The guitarist Keith Richards said played like a “silly sod”

Keith Richards

Just as The Beatles were breaking through with their first two hit albums in 1963, The Rolling Stones, a group of Muddy Waters fans, gained traction in London’s growing R&B scene. While early bandleader Brian Jones laid the groundwork, the songwriting prowess of Keith Richards and Mick Jagger would soon turn the tide.

Despite a press-hyped friendly rivalry later in the 1960s, The Beatles and The Rolling Stones shared mutual admiration during their respective rises as aspiring British Invasion artists. The Beatles, who rose to global acclaim first, famously gave the Lennon-McCartney composition ‘I Wanna Be Your Man’ to their London counterparts for one of their early breakthrough hits.

Keith Richards, rhythm guitarist for The Rolling Stones, discussed his relationship with The Beatles in his memoir, Life. Overall, he had only positive things to say about John Lennon. But he mocked him as a “silly sod” in his remarks.

I liked John a lot,” wrote Richards. “In many ways, he was a moron. I used to chastise him for wearing his guitar too high on his back. They used to wear them around their chests, which restricted their movement significantly. It’s as if you’re handcuffed. ‘For Christ’s sake, get your fucking guitar under your fucking chin. It’s not a violin.’  All of the Liverpool bands did it, including Gerry & the Pacemakers.”

According to Richards, having the guitar a little looser at hip level was far cooler. It’s also much easier to club any nefarious stage invaders this way. In return, Lennon probably found Richards’ guitar height amusing and uncool, but the pair admired each other for their respective talents.

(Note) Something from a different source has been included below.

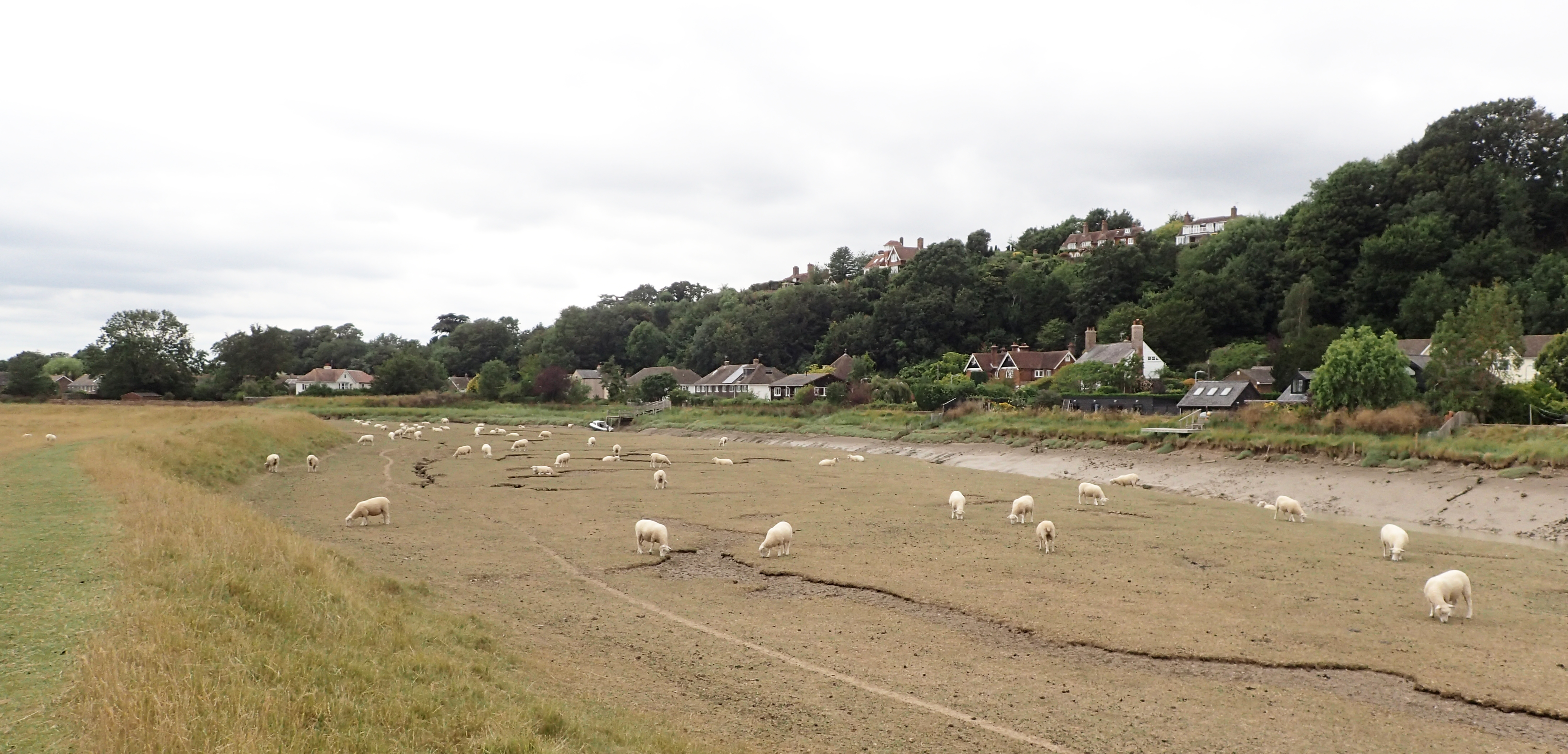 The canal joins the River Rother and becomes tidal but the path at its edge is still easy going. I began to see the odd dogwalker, which felt a little strange as I had barely seen anyone on the actual trail for the last few days. With low water the muddy edges were exposed and sheep from the grazing marshes were wandering the tideline, picking off seaweed, spike grass and samphire. Their meat must taste fantastic. The saltmarsh found here is a rare habitat in Sussex. When I reached Rye the town was busy. Lots of traffic, lots of people. Yet again the chip shop was closed so I never hung around as I had a couple of changes to make on my rail journey home. I was now in East Sussex having left Kent. Another thirteen miles done and my final day on trail tomorrow.

The Rolling Stones assembled the groundbreaking concert film Rock and Roll Circus in 1968. He invited Lennon to participate alongside The Who, Marianne Faithfull, Jethro Tull, and others. For the occasion, Lennon formed The Dirty Mac, a one-time supergroup comprised of Richards, Eric Clapton, Mitch Mitchell, and Yoko Ono.

Richards most likely focused his admiration on Lennon’s songwriting. It was his most important characteristic. However, the Stones’ guitarist has always felt a stronger connection to George Harrison. “The thing is, you’ve got your Jimi Hendrix, your Eric Clapton, and then you’ve got guys who can play with bands.” George was a band and a team player,” Richards once said of the so-called “Quiet Beatle.”

“People get carried away with lead guitars, feedback, and it’s all histrionics when it comes down to it.” “George was an artist, but he was also a fucking craftsman,” he added.